Decolonizing Fieldwork: A Practical Guide for the Humanities and Social Sciences
Editors: Kira Jumet (Hamilton College) and Merouan Mekouar (York University)
In January 2016, the brutal killing of Giulio Regeni, a 28-year-old Cambridge University student who was conducting fieldwork in Cairo, Egypt, marked a turning point for Western scholars working on the Middle East and North Africa (MENA) region. The abduction, torture, and subsequent death of the young graduate student shook the academic community focusing on that area of the world and reminded many more of the numerous difficulties faced by researchers conducting fieldwork in authoritarian settings. Since then, a number of new publications have sought to examine the challenges faced by social scientists conducting research in the MENA region (Bank and Busse (2021), Krause and Szekely (2020), Clark and Cavatorta (2018), among others) as well as other non-democratic regions such as Central Asia (Janenova 2019, Driscoll 2021), parts of the Caribbean (Bell 2013), parts of Sub-Saharan Africa (Laher, Fynn and Kramer 2019), Eastern Europe and Russia (Goode 2010, 2016), and East Asia (Reny 2016, Wang 2019).
However, while these contributions addressed and theorized about the important challenges faced by Western academics conducting research under authoritarian regimes (Glasius et al. 2018, Grimm et al. 2020), they largely failed to examine the distinct difficulties confronted by native scholars, such as Chinese Uyghur historian Iminjan Seydin, who was disappeared and sent to a government work program (Yang 2020), and Walid al-Shobky, an Egyptian graduate student disappeared after conducting a research interview and later accused of “spreading false news and joining a terrorist group” (Mada Masr 2018). Thus, while native academics face many of the
challenges highlighted in existing publications (i.e., surveillance, ethical questions related to research involving vulnerable populations, access to informants, personal safety, and data security), they also face additional risks and distinct obstacles, the discussion of which has been consistently absent in the literature. These challenges include governmental pressure on friends and family, legal threats from local authorities, questionable access to consular assistance for dual nationals, influence of ascribed characteristics on social interactions, and exploitation by Western colleagues.

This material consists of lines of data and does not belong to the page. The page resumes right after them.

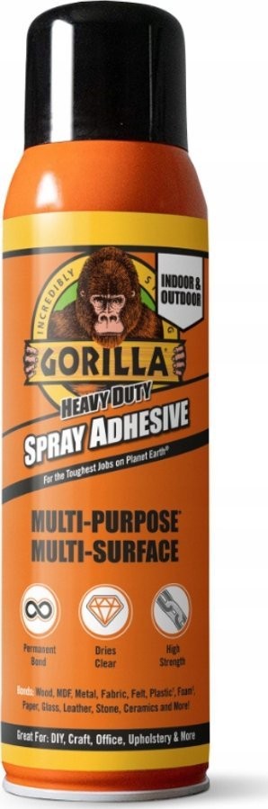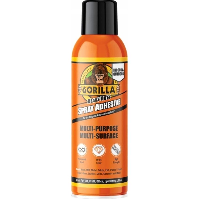 Gorilla Heavy Duty Spray Adhesive oferuje wysoką siłę wiązania, która jest połączona z znaną wytrzymałością Gorilla, zapewniającą trwałą przyczepność do szerokiej gamy zastosowań na wielu powierzchniach.
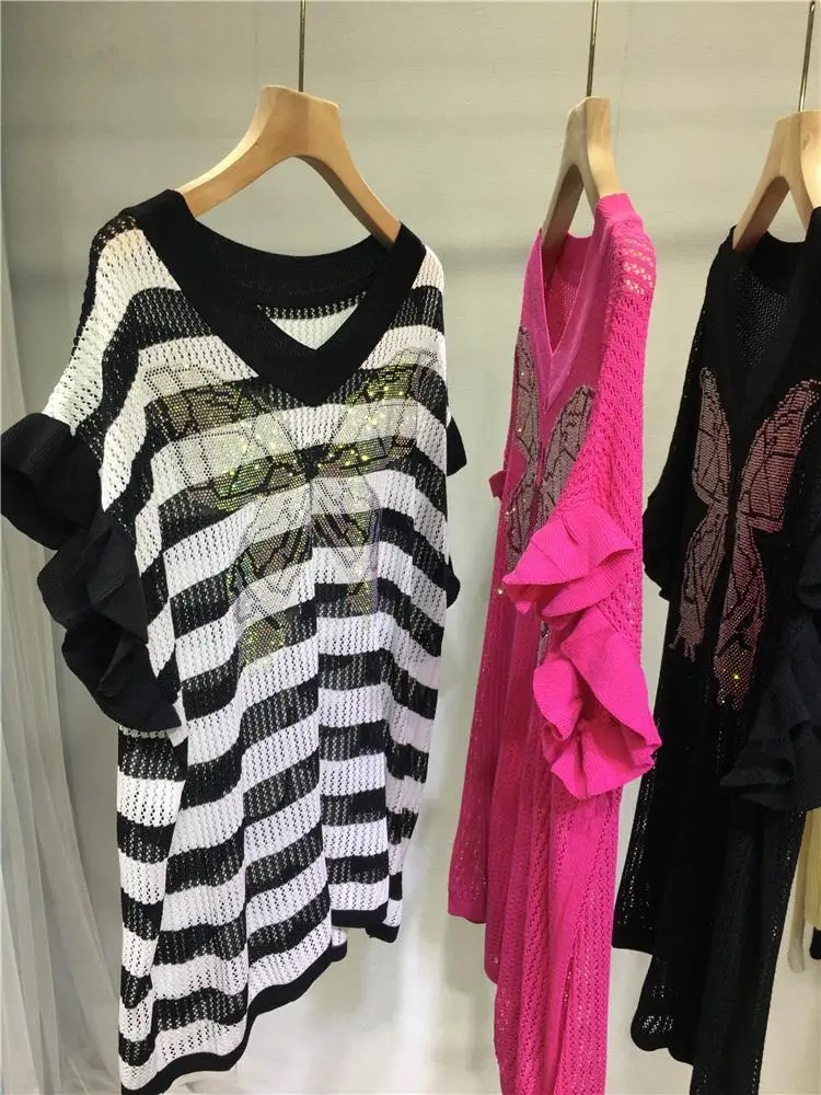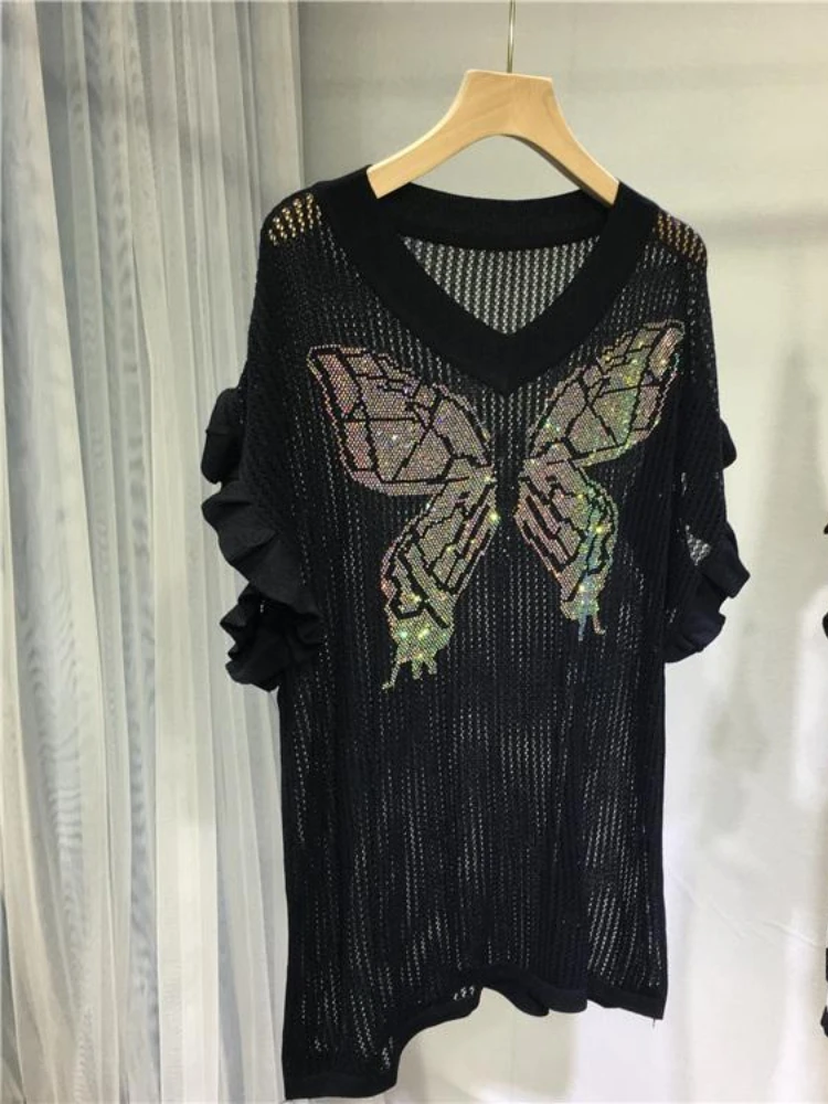 Knitted Thin Tees Hollow Out V-neck Butterfly Casual Y2k Tops Fashion Ruffles Korean T Shirt
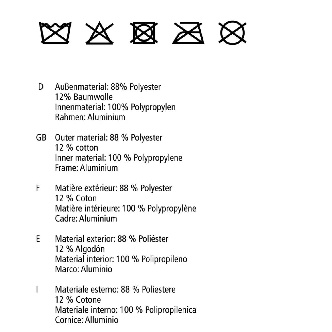 - Außenmaterial aus 85% Polyester/15% Polyamid, Innenmaterial aus Polypropylen
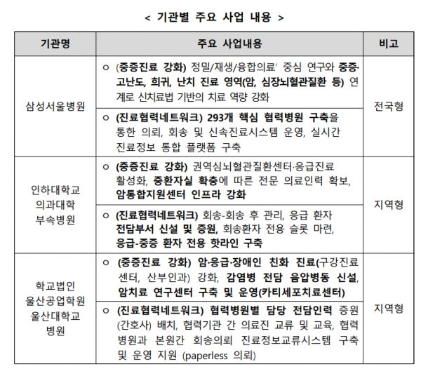 중증진료체계 강화 시범사업은 상급종합병원이 중증, 고난도진료에 집중하고 중증도가 낮은 환자를 지역으로 회송하는 동시에 회송된 환자가 가까운 곳에서 안심하고 진료받을 수 있도록 지역의료기관들과 진료협력체계를 구축하는 사업이다. 본래 시범사업은 2023년 1월 시행될 예정이었지만 참여기관 모집부터 난관에 봉착해 1년 연기됐다. 시범사업에 참여하는 병원은 ▲삼성서울병원 ▲울산대병원 ▲인하대병원 등 총 3곳이다.

The proposed manuscript seeks to address this important gap in the literature. The first section will present testimonies from scholars who conducted fieldwork in their native repressive countries and who faced sets of challenges directly related to their position as native scholars. These researchers will share their personal experiences in the field, the material and psychological hurdles they faced while conducting research in a difficult environment and the specific strategies they developed to address these challenges. The various contributions will examine cases in some of the world’s most repressive countries, such as Algeria, Iran, Egypt, China, Russia, and Cuba.
The second section will build on the contributions collected in the first to offer practical advice to academics committed to conducting fieldwork in their native non-democratic states. The practical handbook will help graduate students, early-career researchers, and established scholars develop suitable research designs before engaging in their fieldwork, while also offering practicable coping strategies for their time in the field.
Main goals and guiding questions:
By bringing together contributions from a wide range of native academics familiar with difficult environments, the book will answer the following questions:
- What are the specific risks and challenges that native scholars experience while conducting fieldwork in repressive countries?
- What strategies have these scholars developed to address the specific risks they encounter in their work?
- What specific lessons can be drawn for research-design and fieldwork?
Contributions and Themes:
We are seeking native (or dual national) contributors from states characterized as repressive or authoritarian (e.g., rated Not Free or Partly Free by Freedom House) willing to write empirical and/or analytical pieces about the challenges they faced while conducting fieldwork in their home country. The contributions should fit within one of the following themes:
1- Weight of family history/ethnic identity/religious identity.
While Western colleagues often experience the burden of various identity markers such as family histories, ethnic identities, and religious affiliations, these markers often take on oversized importance in the cases of native scholars conducting fieldwork in their home countries. In particular, they may face more resistance when conducting research among wary compatriots who regard them with suspicion, or even hostility.
2- Gender identity/sexual orientation.
Gender identity and sexual orientation can be a challenge for academics conducting research in any setting. However, native scholars working in illiberal settings cannot benefit from the relative tolerance extended to foreigners and must scrupulously adhere to local cultural norms and laws.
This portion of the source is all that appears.